Butyrate and the other
short-chain fatty acids (SCFAs) are the most abundant
anions in the colonic lumen. Also,
butyrate is the preferred energy source for colonocytes and has been shown to regulate colonic
electrolyte and fluid absorption. Previous studies from our group have demonstrated that the HCO(3)(-)/SCFA(-)
anion exchange process is one of the major mechanisms of
butyrate transport across the purified human colonic apical membrane vesicles and the apical membrane of human colonic
adenocarcinoma cell line Caco-2 and have suggested that it is mainly mediated via monocarboxylate transporter-1 (MCT-1)

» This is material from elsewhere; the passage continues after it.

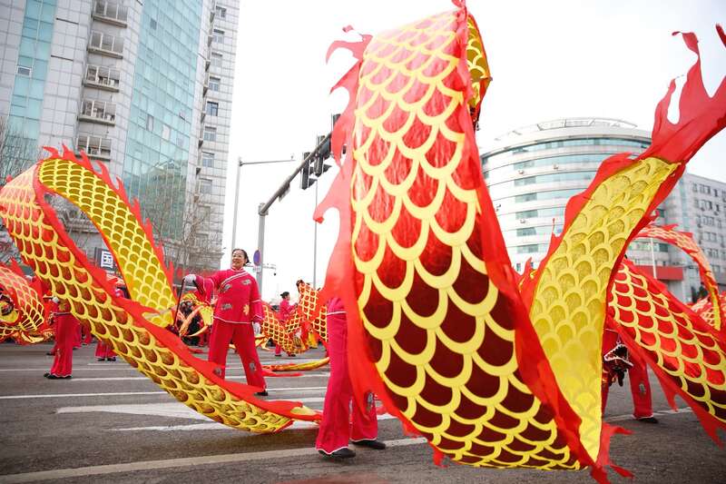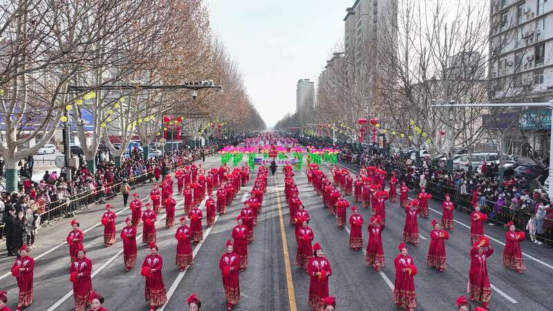 京津冀各地也推出各类活动欢庆佳节。在北京海淀区苏家坨镇,欢快的锣鼓响彻云霄,苏家坨镇“龙腾狮跃闹元宵”花会踩街活动吸引着周边居民共庆元宵。

isoform. However, little is known regarding the regulation of SCFA transport by various
hormones and signal transduction pathways. Therefore, the present studies were undertaken to examine whether
hydrocortisone and
phorbol 12-myristate 13-acetate (PMA) are involved in a possible regulation of the
butyrate/
anion exchange process in Caco-2 cells. The
butyrate/
anion exchange process was assessed by measuring a pH-driven [(14)C]
butyrate uptake in Caco-2 cells. Our results demonstrated that 24-h incubation with PMA (1 microM) significantly increased [(14)C]
butyrate uptake compared with incubation with 4alphaPMA (inactive form). In contrast, incubation with
hydrocortisone had no significant effect on
butyrate uptake in Caco-2 cells compared with vehicle (
ethanol) alone. Induction of
butyrate uptake by PMA appeared to be via an increase in the maximum velocity (V(max)) of the transport process with no significant changes in the K(m) of the transporter for
butyrate. Parallel to the increase in the V(max) of [(14)C]
butyrate uptake, the MCT-1
protein level was also increased in response to PMA incubation. Our studies demonstrated that the
butyrate/
anion exchange was increased in response to PMA treatment along with the induction in the level of MCT-1 expression in Caco-2 cells.